Coup d'État dans l'Église, documents et chroniques sur la subversion, de Don Mancinella
Coup d’État dans l’Église, documents et chroniques sur la subversion, de Don Mancinella

Ces derniers jours, la maison d’édition italienne Radio Sapa a publié un nouveau livre intitulé Coup d’État dans l’Église, documents et chroniques sur la subversion : des premières machinations à la papauté de transition, du Groupe rhénan à nos jours. L’ancien journaliste et vaticaniste de la télévision d’Etat italienne, Aldo Maria Valli en a écrit la postface.

Coup d’État dans l’Église, documents et chroniques sur la subversion : des premières machinations à la papauté de transition, du Groupe rhénan à nos jours

L’ouvrage Coup d’État dans l’Église, documents et chroniques sur la subversion : des premières machinations à la papauté de transition, du Groupe rhénan à nos jours a été écrit par Don Andrea Mancinella, l’auteur d’un autre livre qui fit parler de lui en 2002 : 1962-Révolution dans l’Église, dont la traduction en français sortie en 2008 dans la revue Courrier de Rome.

Dans sa nouvelle étude sur cette crise de l’Eglise qui semble ne pas avoir de fin, Don Mancinella s’emploie à démontrer, souligne l’éditeur, « le plan incliné de la subversion, le véritable coup d’État perpétré dans l’Église. Ce dernier est « expliqué en détail, avec un puissant appareil de notes. De l’exultation maçonnique pour les étapes de la révolution à la formulation d’idées hétérodoxes, des documents qui démasquent l’imposture à l’analyse de ses fruits vénéneux, le livre de Don Mancinella propose un examen clair, incontestable et parfois étonnant de ce qui se passe depuis longtemps dans le cœur du christianisme ». Cet « excellent livre », comme le définit Don Curzio Nitoglia dans la préface, « laisse sans voix en raison de la précision du développement logique et de l’inévitabilité des conclusions ».

Dans sa postface, Aldo Maria Valli, célèbre journaliste italien et vaticaniste reconnu, livre son cheminement dans sa compréhension de la crise religieuse actuelle, qui aboutit à son retour à la Tradition catholique : « L’étiquette de ‘’traditionaliste‘’ ne me dérange pas. Mais je serais plus heureux s’ils disaient que j’étais traditionnel. Aussi parce que je pense qu’on ne peut pas être catholique sans être traditionnel. »

On ne peut pas être catholique sans être traditionnel

Sur son blog, Duc in altum, il a publié quelques extraits de cette postface dont voici la traduction pour MPI :

« Parfois, ma femme et moi, en raison de certaines maladies, devons abandonner la messe vetus ordo. Dans notre ville, la messe apostolique n’est pas célébrée. Pour y aller, nous devons voyager en voiture, mais à notre âge, il arrive que nous ne puissions pas conduire, et nous avons donc recours au novus ordo, célébré dans l’église non loin de chez nous. Est-ce une solution ? Non : c’est un problème.

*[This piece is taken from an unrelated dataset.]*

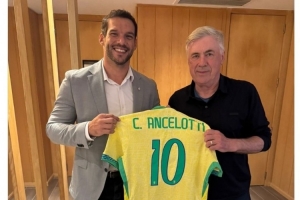巴西足協(xié)主席薩烏德接待安切洛蒂,兩人手拿印有安切洛蒂名字的巴西10號球衣合影。
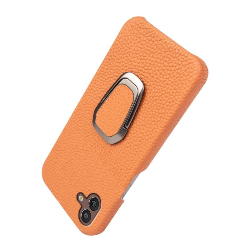 Θήκη κινητού τηλεφώνου Samsung Galaxy M13 5G με δακτύλιο στήριξης, γνήσιο δέρμα με υφή λύτσι (Καφέ)

« Je ne vais pas énumérer tout ce qui, dans la messe réformée, nous dérange et nous attriste, ni toutes les absurdités que nous entendons prononcer par des prêtres catholiques qui ne le sont plus que de nom. J’en ai parlé à maintes reprises et le lecteur de ces pages n’a certainement pas besoin d’y revenir. Je dis juste qu’à chaque fois que l’on sort de l’église, on se pose la même question : comment a-t-on pu se réduire à cela ? Comment notre sainte mère l’Église catholique s’est-elle transformée en cette chose dont personne ne sait plus ce que c’est, un peu une mauvaise copie du protestantisme, un peu une ONG humanitaire, un peu un lieu de célébrations ringardes, un peu d’un trafiquant de miséricorde contrefaite ?

Le pape argentin n’est pas le seul artisan de la crise actuelle. Il s’agit plutôt du dernier maillon (pour l’instant) d’une longue chaîne

« Comment tout cela s’est produit est bien expliqué dans les précieuses pages qui précèdent ces petites notes. Il y a des noms et des prénoms. Il y a les dates et les circonstances. Il y a des responsabilités. Et il y a aussi les noms de ceux qui s’y sont courageusement opposés. C’est une histoire qui, compte tenu de la situation actuelle, provoque une tristesse infinie, mais il faut la savoir. Aussi pour éviter certaines erreurs.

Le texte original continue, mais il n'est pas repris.